Gabriel Cousens, a physician who founded the Tree of Life Rejuvenation Center in Patagonia, Arizona, attests: “I often observe in fasting participants that concentration improves, creative thinking expands, depression lifts, insomnia stops, anxieties fade, the mind becomes more tranquil, and a natural joy begins to appear. It is my hypothesis that when the physical toxins are cleared from the brain cells, mind-brain function automatically and significantly improves, and spiritual capacities expand.”
4

The expansion of spiritual capacities to which Cousens refers can be the result of increasing the number of mitochondria and their function due to the shift in brain metabolism. This functionally enhanced and increased population of mitochondria provides the energy to fuel activity in the prefrontal cortex of the brain. As the renowned yoga master Paramahansa Yogananda eloquently put it
,
“Through fasting, let your mind depend on its own power. When that power manifests, the life force in the body becomes increasingly reinforced with the eternal energy continually flowing into the brain and spine from the cosmic energy around the body.”
5

Indeed, fasting during spiritual quests is an integral part of the human religious history. All major religions consider fasting as far more than a traditional ceremonial act but as a fundamental part of the spiritual practice, as evidenced in the Muslim fast of Ramadan and the Jewish fast of Yom Kippur. Yogis also practice austerity with their diets, and shamans fast during vision quests.

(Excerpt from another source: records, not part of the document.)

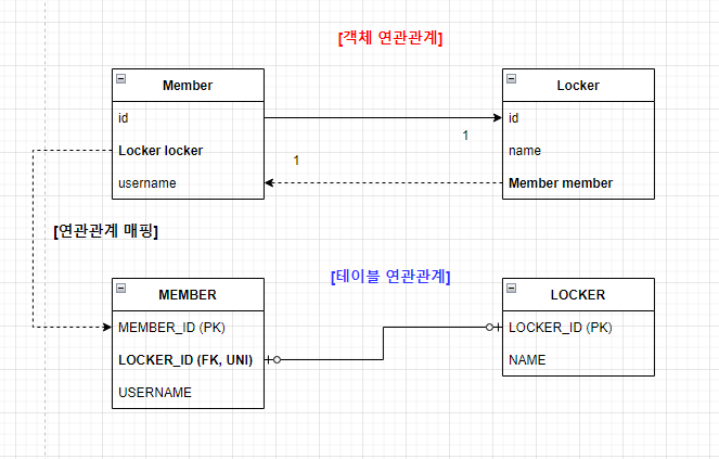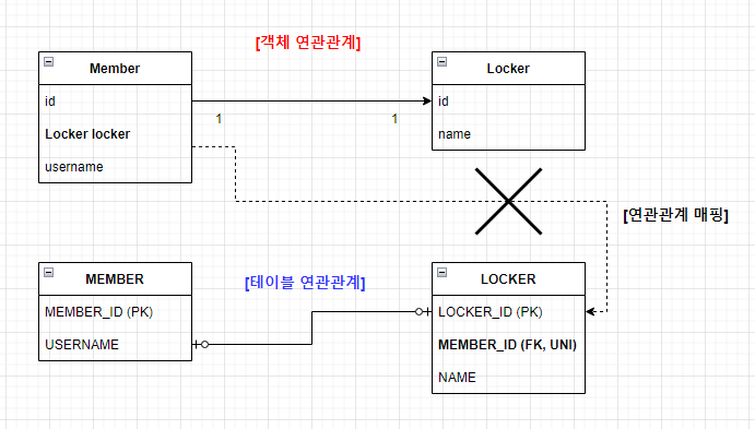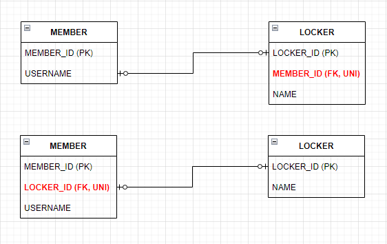 - 반대일 경우에는 MEMBER 테이블이 LOCKER_ID를 가지는게 맞다.
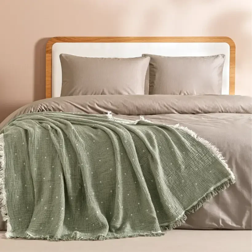 %100 Pamuk Müslin Yatak Örtüsü 220×240 cm Yeşil – Glen Serisi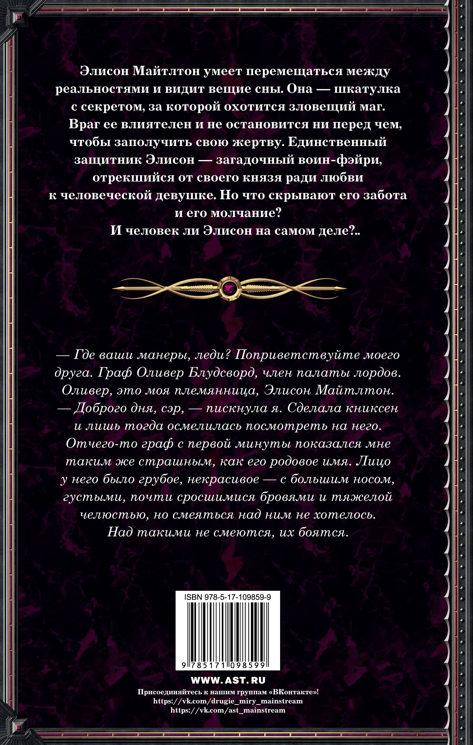 Элисон Майтлтон умеет перемещаться между реальностями и видит вещие сны. Она - шкатулка с секретом, за которой охотится зловещий маг. Враг ее влиятелен и не остановится ни перед чем, чтобы заполучить свою жертву. Единственный защитник Элисон - загадочный воин-фэйри, отрекшийся от своего князя ради любви к человеческой девушке. Но что скрывают его забота и его молчание? И человек ли Элисон на самом деле?..| Издательство | ИЗДАТЕЛЬСТВО "АСТ" |

Thomas Ryan, a Roman Catholic priest who directs the Paulist Office for Ecumenical and Interfaith Relations of North America, summarized the sacred dimension of fasting when he stated, “Fasting as a religious act increases our sensitivity to that mystery always and everywhere present to us. It is an invitation to awareness, a call to compassion for the needy, a cry of distress, and a song of joy. It is a discipline of self-restraint, a ritual of purification, and a sanctuary for offerings of atonement. It is a wellspring for the spiritually dry, a compass for the spiritually lost, and inner nourishment for the spiritually hungry.”